Find three consecutive positive integers such that the product of the first two is 11 more than five times the third.
We have three consecutive positive integers. Let's call them A, B, and C. One clue is that they are consecutive. That means, if we let A be the smallest of the integers and C to be the largest, that:
B = A + 1
C = A + 2
No matter what A is, the above mathematical statements or equations will be true.
The other piece of information that we have from the original problem is this: The product of the first two is 11 more than five times the third. We need to translate this piece of information into mathematical language. "Product" means the answer to a multiplication problem, so this English sentence is saying the following:
AB = 11 + 5C
We have three equations now with three unknowns.
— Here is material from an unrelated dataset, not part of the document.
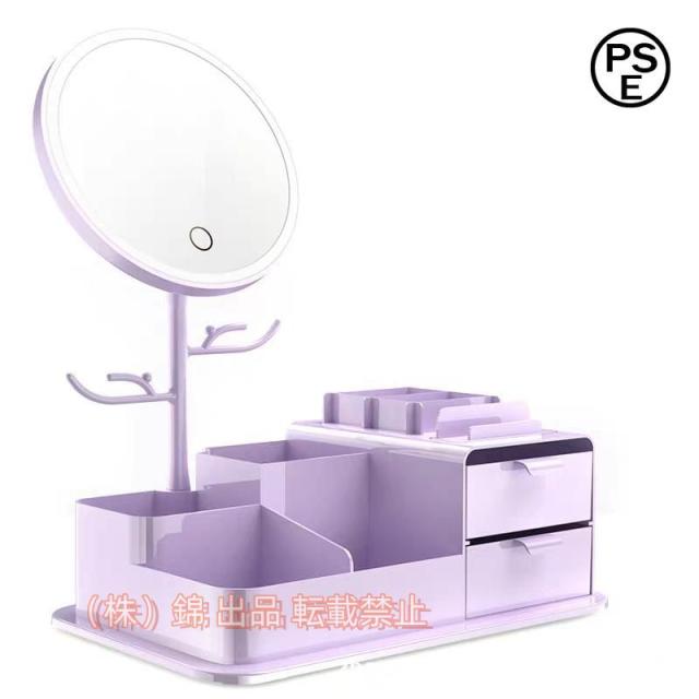 化粧品収納ボックス 鏡付き LED ライトミラー メイクボックス 卓上鏡台 ミニドレッサー 引き出し 化粧鏡付き 株式会社錦 無段階調光 USB充電 角度調整可能

With any luck at all, these equations will be solvable.
I am going to take the third equation (AB = 11 + 5C) and substitute the values for B and C as defined in the first two equations to get the following:
B = A + 1
C = A + 2
AB = 11 + 5C
A(A + 1) = 11 + 5(A + 2)
Time to distribute to expand the equation:
A2 + A = 11 + 5A + 10
Let's move all the terms to the left side of the equal sign.
A2 + A = 11 + 5A + 10
–5A –11 –10 –11 –5A –10
A2 –4A – 21 = 0
Now we need to factor the polynomial expression on the left side of the equal sign.
(A – 7)(A + 3) = 0
This means that (A – 7) or (A + 3) = 0.
If (A – 7) is 0, then A = 7.
If (A + 3) is 0, then A = –3.
However, the original problem said that the integers (A, B, and C) were all positive. Thus, A is 7.
Since A is the smallest and C is the largest of our three consecutive positive integers, B is 8 and C is 9.
A = 7
B = 8 (=A + 1)
C = 9 (=A + 2)
To check, is it true that seven times eight equals 11 more than five times 9. Yes! 56 = 11 + 45.